__What the task asks__.
Quote every line below exactly and skip any picture.

Items listed in a dataset:
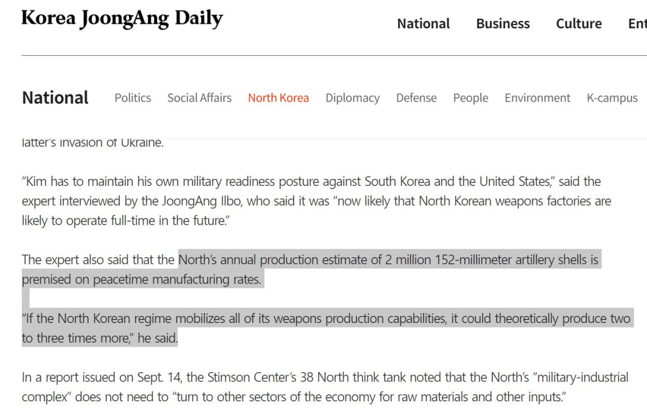 And for those who may balk at the numbers, South Korea just officially reported last week that they now calculate North Korea has already sent 10,000 train containers with 5 million shells to Russia:
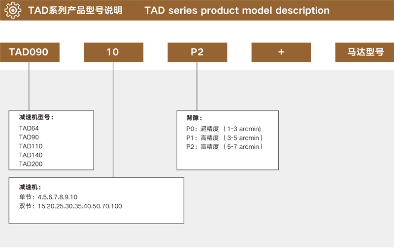 規格 Specification | 單位 Unit | 節數Stage | 減速比Ratio | TAD064 | TAD090 | TAD110 | TAD140 | TAD200 |
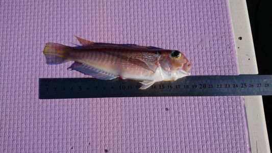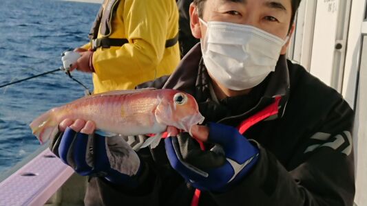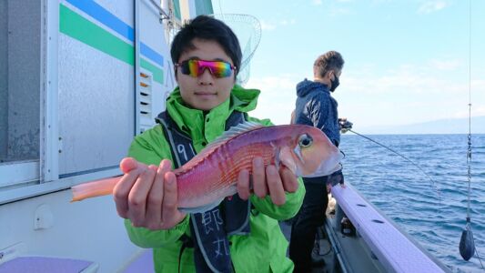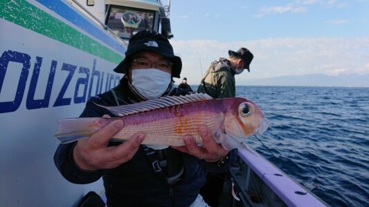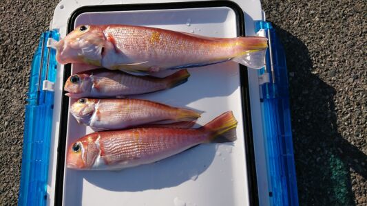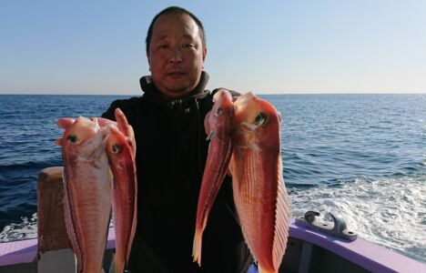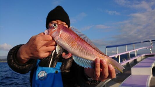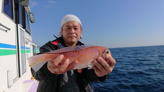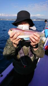 左舷胴では「アマダイ釣り初体験」という21歳の大学生の方が40㌢を超える良型を手にしていました。ちなみ筆者は右舷ミヨシ、最大30㌢で4匹ゲットという結果です。
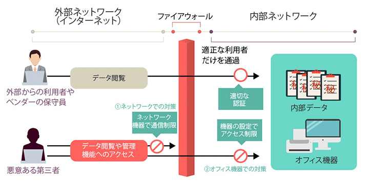事務機器のIT化 最近、オフィスや大学などで使用されている事務機器のIT化が進んでいます。コピーやスキャナー、 ファックスなどの機能を1台にまとめたデジタル複合機の大半は、ネットワークに接続して管理することができます。 また、コピーした文書のデータやスキャナーで取り込んだデータをファイルとして保存することもできるようになりました。 これらの文章は、ブラウザ等を使って、ネットワーク経由で閲覧をすることが可能です。 しかし、機能がパソコンに近づき、便利になった分、従来のコピーやプリントといった用途のみの使用では 考えられなかったような落とし穴や危険性が増してきており、 廃棄時やリース返却時にオフィス等で消去したはずの文書のデータを復元されて情報を盗まれたり、 ネットワーク上の通信データを盗聴さ
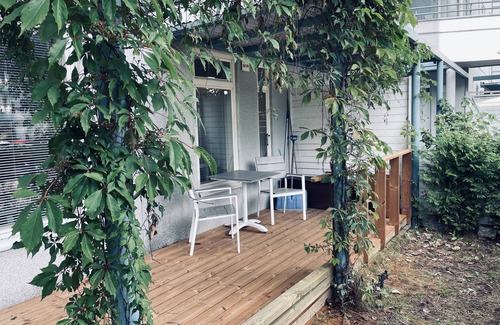 The apartment is a well planned big studio flat with private sauna. It's spacious with three big windows and a huge 25m2 private garden.
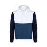 Sudadera unisex tricolor con capucha. Bolsillo canguro y elásticos de ancho
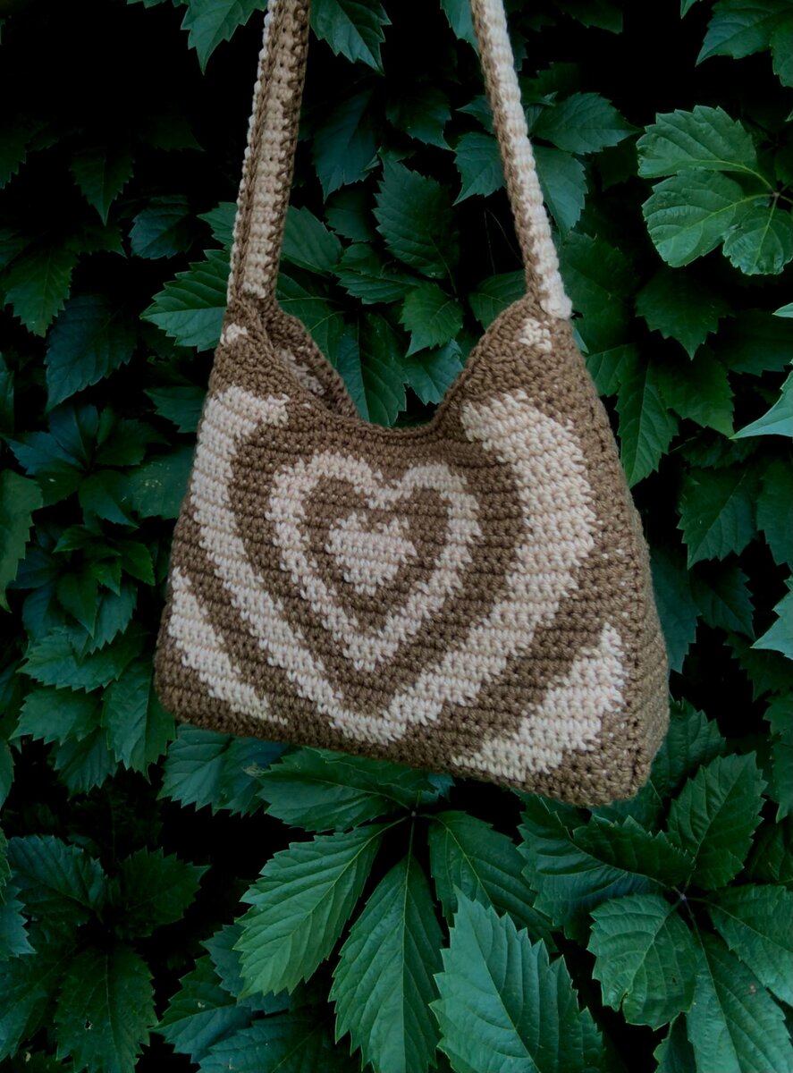 Небольшая, приятная и современная сумка. Когда увидела такую, сразу поняла какой расцветки я хочу ее сделать. Проблема была с схемой/рисунком, хотела с готовой сумки сама вывести рисунок, но мне повезло, спустя время, я нашла подобные сердца. Связала две отличные стороны (они с разным порядком цветов), решила, что не просто сошью их, а сделаю дно и бока, позже была готова и ручка. Не стала мудрить с ее узором. Очень милая сумка получилась. <3
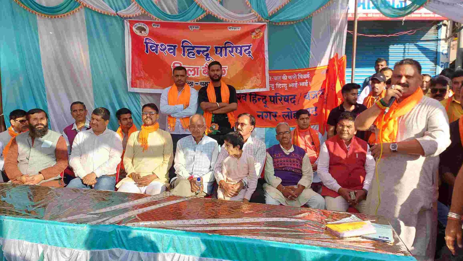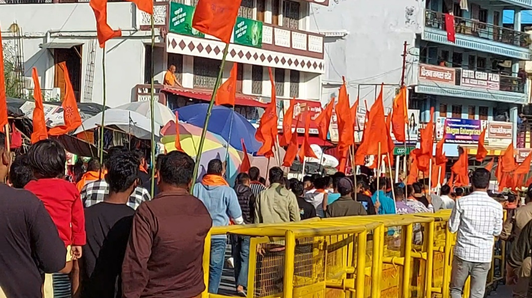 मंगलवार को विश्व हिन्दू परिषद के जिलाध्यक्ष मोहित पांडेय की अध्यक्षता पर आयोजित कार्यक्रम में कार्यकर्ताओं ने नगर सरस्वती शिशु मंदिर मंदिर से नगर के विभिन्न मार्गों से होते हुए स्टेशन बाजार तक रैली निकाली। स्टेशन बाजार में जनसभा का आयोजन किया गया। रैली और सभा का नेतृत्व कर रहे विश्व हिंदू परिषद अध्यक्ष अमित साह ने दल के स्थापना दिवस पर प्रकाश डाला। मुख्य वक्ताओं में एडवोकेट गिरीश उप्रेती, जिला कार्यवाह भुवन पांडेय आदि वक्तओं ने कहा कि हिंदू युवा शक्ति को राष्ट्र हित में संगठित करके भारत वर्ष की अखंडता सुनिश्चित करते हुए अखंड भारत वर्ष के निर्माण के लिए बजरंग दल समाज में काम कर रहा है। ऐसे राष्ट्रवादी संगठन को हमें अपनी ताकत से मजबूत करना चाहिए। समाज में कहीं भी दलितों, वंचितों, पिछड़ों, गरीबों, मजदूरों पर अत्याचार-अनाचार होता है अथवा हमारे मंदिर, गंगा, मातृशक्ति, गाय आदि पर संकट आता है तो कहीं भी रहने वाला व्यक्ति विश्व हिंदू परिषद को आशा भरी नजर से देखता है। वक्ताओं ने लव जिहाद, भू जिहाद, खाद्य जिहाद और नए बाहरी व्यक्तियों द्वारा क्षेत्र में किए जा रहे व्यापार का बहिष्कार करने के लिए कहा। इस दौरान उन्होंने लोगों को जागरुकता का संदेश दिया। संचालन दिनेश पुनेठा ने किया। इस मौके पर चंद्रशेखर जोशी, चंदन बिष्ट, अमित जुकरिया, विजय बिष्ट, राहुल सरदार, रविन्द्र देव, मनीष बाल्मीकी, निर्मल करायत, दीपांशु माहरा, रितिक ढेक, विवेक ओली,राजू गडकोटी, गोविंद वर्मा, सचिन जोशी,हरीश राय, सतीश पांडेय,तनुज,भूपाल सिंह मेहता, दिनेश सुतेडी,धन सिंह पाटनी,मोहन पाटनी, मदन कलौनी, बलवंत गिरी,केडी जोशी, सहित कार्यकर्ता मौजूद रहे।
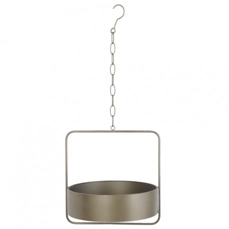 Metalowa osłonka do zwieszenia na łańcuchu, idealna dla miłośników surowych form. Na osłonkę składa się okrągła taca w metalowej ramie oraz łańcuch z hakiem. Styl industrialny wciąż urzeka prostotą i wieloma możliwościami zaaranżowania zarówno we wnętrzu jak i na zewnątrz. Postaw na osłonki na doniczki z metalu i ciesz się nimi przez wiele sezonów!
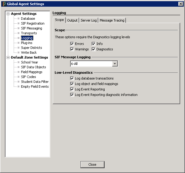 The Scope tab includes options for settings for the scope of diagnostic logging; SIF message logging; and low-level diagnostics.
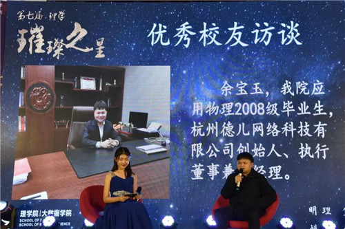 HO5HO应用物理2008级校友,杭州德儿网络科技有限公司创始人、执行董事兼总经理余宝玉获杰出校友璀璨之星。他在访谈中回顾了自己的大学生活,叙述了个人创业经历,并建议大家要在大学期间广交朋友、学好专业知识。

__Solution to the exercise__.
 And for those who may balk at the numbers, South Korea just officially reported last week that they now calculate North Korea has already sent 10,000 train containers with 5 million shells to Russia:
 規格 Specification | 單位 Unit | 節數Stage | 減速比Ratio | TAD064 | TAD090 | TAD110 | TAD140 | TAD200 |
 左舷胴では「アマダイ釣り初体験」という21歳の大学生の方が40㌢を超える良型を手にしていました。ちなみ筆者は右舷ミヨシ、最大30㌢で4匹ゲットという結果です。
事務機器のIT化 最近、オフィスや大学などで使用されている事務機器のIT化が進んでいます。コピーやスキャナー、 ファックスなどの機能を1台にまとめたデジタル複合機の大半は、ネットワークに接続して管理することができます。 また、コピーした文書のデータやスキャナーで取り込んだデータをファイルとして保存することもできるようになりました。 これらの文章は、ブラウザ等を使って、ネットワーク経由で閲覧をすることが可能です。 しかし、機能がパソコンに近づき、便利になった分、従来のコピーやプリントといった用途のみの使用では 考えられなかったような落とし穴や危険性が増してきており、 廃棄時やリース返却時にオフィス等で消去したはずの文書のデータを復元されて情報を盗まれたり、 ネットワーク上の通信データを盗聴さ
 The apartment is a well planned big studio flat with private sauna. It's spacious with three big windows and a huge 25m2 private garden.
 Sudadera unisex tricolor con capucha. Bolsillo canguro y elásticos de ancho
 Небольшая, приятная и современная сумка. Когда увидела такую, сразу поняла какой расцветки я хочу ее сделать. Проблема была с схемой/рисунком, хотела с готовой сумки сама вывести рисунок, но мне повезло, спустя время, я нашла подобные сердца. Связала две отличные стороны (они с разным порядком цветов), решила, что не просто сошью их, а сделаю дно и бока, позже была готова и ручка. Не стала мудрить с ее узором. Очень милая сумка получилась. <3
 मंगलवार को विश्व हिन्दू परिषद के जिलाध्यक्ष मोहित पांडेय की अध्यक्षता पर आयोजित कार्यक्रम में कार्यकर्ताओं ने नगर सरस्वती शिशु मंदिर मंदिर से नगर के विभिन्न मार्गों से होते हुए स्टेशन बाजार तक रैली निकाली। स्टेशन बाजार में जनसभा का आयोजन किया गया। रैली और सभा का नेतृत्व कर रहे विश्व हिंदू परिषद अध्यक्ष अमित साह ने दल के स्थापना दिवस पर प्रकाश डाला। मुख्य वक्ताओं में एडवोकेट गिरीश उप्रेती, जिला कार्यवाह भुवन पांडेय आदि वक्तओं ने कहा कि हिंदू युवा शक्ति को राष्ट्र हित में संगठित करके भारत वर्ष की अखंडता सुनिश्चित करते हुए अखंड भारत वर्ष के निर्माण के लिए बजरंग दल समाज में काम कर रहा है। ऐसे राष्ट्रवादी संगठन को हमें अपनी ताकत से मजबूत करना चाहिए। समाज में कहीं भी दलितों, वंचितों, पिछड़ों, गरीबों, मजदूरों पर अत्याचार-अनाचार होता है अथवा हमारे मंदिर, गंगा, मातृशक्ति, गाय आदि पर संकट आता है तो कहीं भी रहने वाला व्यक्ति विश्व हिंदू परिषद को आशा भरी नजर से देखता है। वक्ताओं ने लव जिहाद, भू जिहाद, खाद्य जिहाद और नए बाहरी व्यक्तियों द्वारा क्षेत्र में किए जा रहे व्यापार का बहिष्कार करने के लिए कहा। इस दौरान उन्होंने लोगों को जागरुकता का संदेश दिया। संचालन दिनेश पुनेठा ने किया। इस मौके पर चंद्रशेखर जोशी, चंदन बिष्ट, अमित जुकरिया, विजय बिष्ट, राहुल सरदार, रविन्द्र देव, मनीष बाल्मीकी, निर्मल करायत, दीपांशु माहरा, रितिक ढेक, विवेक ओली,राजू गडकोटी, गोविंद वर्मा, सचिन जोशी,हरीश राय, सतीश पांडेय,तनुज,भूपाल सिंह मेहता, दिनेश सुतेडी,धन सिंह पाटनी,मोहन पाटनी, मदन कलौनी, बलवंत गिरी,केडी जोशी, सहित कार्यकर्ता मौजूद रहे।
 Metalowa osłonka do zwieszenia na łańcuchu, idealna dla miłośników surowych form. Na osłonkę składa się okrągła taca w metalowej ramie oraz łańcuch z hakiem. Styl industrialny wciąż urzeka prostotą i wieloma możliwościami zaaranżowania zarówno we wnętrzu jak i na zewnątrz. Postaw na osłonki na doniczki z metalu i ciesz się nimi przez wiele sezonów!
 The Scope tab includes options for settings for the scope of diagnostic logging; SIF message logging; and low-level diagnostics.
 HO5HO应用物理2008级校友,杭州德儿网络科技有限公司创始人、执行董事兼总经理余宝玉获杰出校友璀璨之星。他在访谈中回顾了自己的大学生活,叙述了个人创业经历,并建议大家要在大学期间广交朋友、学好专业知识。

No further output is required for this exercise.